A Swift look through Apple programming language history

So, Apple has a new dynamic programming language, confusingly given the same name as an existing programming language. Let’s look at some of Apple’s past experiments in programming language development, to see how this might turn out.

1987: Apple launches HyperTalk, a dynamic object-oriented programming language for rapid application development. After HyperCard’s inventor left Apple, the company lost interest, and eventually Steve Jobs killed the project in 1998, so it never made it to OS X.

1990: Apple launches a joint venture with IBM to develop a next-generation OS called Taligent, then later Kaleida. It comes with a new dynamic programming language called ScriptX. It’s briefly available for Mac OS 7, then left to die.

Early 1990s: Apple develops a new dynamic programming language called Dylan. It’s intended to be the new language for Apple’s handheld platform, Newton. Apple would develop a development environment for MacOS and Newton, and a company called Harlequin would develop the Windows IDE. Apple’s Dylan was slowly killed around 1995.


1993: Apple launches NewtonScript, a new dynamic programming language for their handheld platform, the Newton. Steve Jobs kills the Newton in a fit of pique in 1998, killing NewtonScript.
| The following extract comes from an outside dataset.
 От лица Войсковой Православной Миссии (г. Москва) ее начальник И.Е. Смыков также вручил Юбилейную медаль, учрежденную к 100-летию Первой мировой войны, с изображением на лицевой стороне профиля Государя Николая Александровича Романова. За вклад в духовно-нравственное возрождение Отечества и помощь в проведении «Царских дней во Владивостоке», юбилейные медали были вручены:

2008: Apple launches MacRuby, a new version of the Ruby dynamic programming language, but built on the LLVM infrastructure and Cocoa. In 2012, RubyMotion is introduced as a development language for iOS, just as MacRuby development turns out to be dead.
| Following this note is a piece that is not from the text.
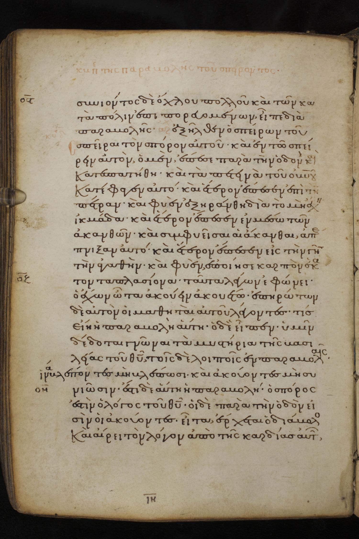 Thirteenth century minuscule of the Gospels on parchment; 237 leaves, 1 column, 23 lines per column. Images were taken at the National Library of Greece in Athens.
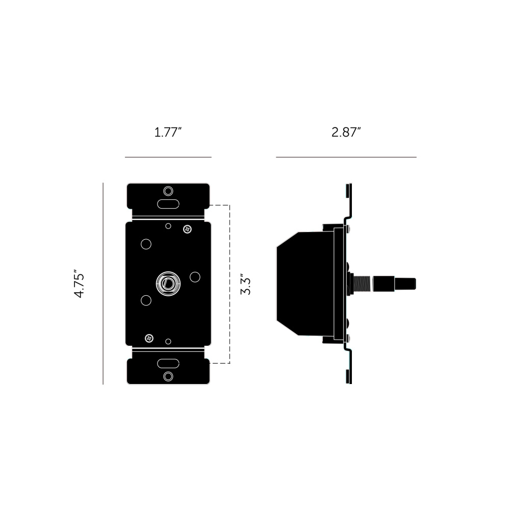 A multipoint dimmer module that works exclusively with our US range of wall plates and detail kits. It operates with a push ON/OFF, has a rotary dimmer action, plus multi-location dimming functionality (via retractive toggle modules). It can be used on a lighting circuit that powers dimmable LED, incandescent or halogen bulbs, and it is optimised for use with all Buster + Punch dimmable light bulbs. Team this dimmer with Buster + Punch retractive toggle modules to turn the lighting circuit on/off and up/down from a second location. The “multipoint” functionality is possible when pairing this dimming module with more than 1 retractive switch, because the dimmer can be controlled by up to 10 retractive switches connected to the dimmer in the same circuit. This is ideal in large spaces where the lighting needs to be controlled from different locations. A short press turns the lights on/off, while a long press cycles the brightness up and down to reach the desired brightness level. Please note that this product is not compatible with the 3-way or intermediate toggle modules.

OK, maybe you think I’m being unfair here. What about Objective-C?

Well, Apple didn’t invent Objective-C. It was NeXT who popularized it, and they didn’t invent it either, they bought it from Stepstone (later called PPI). But let’s go through some language projects not originated by Apple anyway.

Objective-C was licensed by NeXT in 1988 from Stepstone, and later Apple hired one of the inventors. NeXT supported NeXTStep/OpenStep and Objective-C on Windows, Solaris, and NeXT hardware. For a while after the NeXT acquisition Apple encouraged developers to use Objective-C and OpenStep for their cross-platform development. Then in the late 90s, Apple summarily killed OpenStep for Windows, making the environment Mac-only.

In 1984, Apple licensed Smalltalk to provide a dynamic object-oriented programming environment for the Mac. It was sold for just $50. By 1996 this had become Squeak, which was put out to pasture around 2006 and now lives as an open source community project.

When OS X was launched, it was promised to be a first class Java development environment. Accordingly, bindings were created to allow desktop Cocoa applications to be developed in Java, or for Mac applications to call Java libraries. The Java bindings were used for applications such as Adium, CyberDuck, and so on. Development of Java bindings for Cocoa was killed in 2004. Then in 2010, Java itself was deprecated on the Mac after years of neglect.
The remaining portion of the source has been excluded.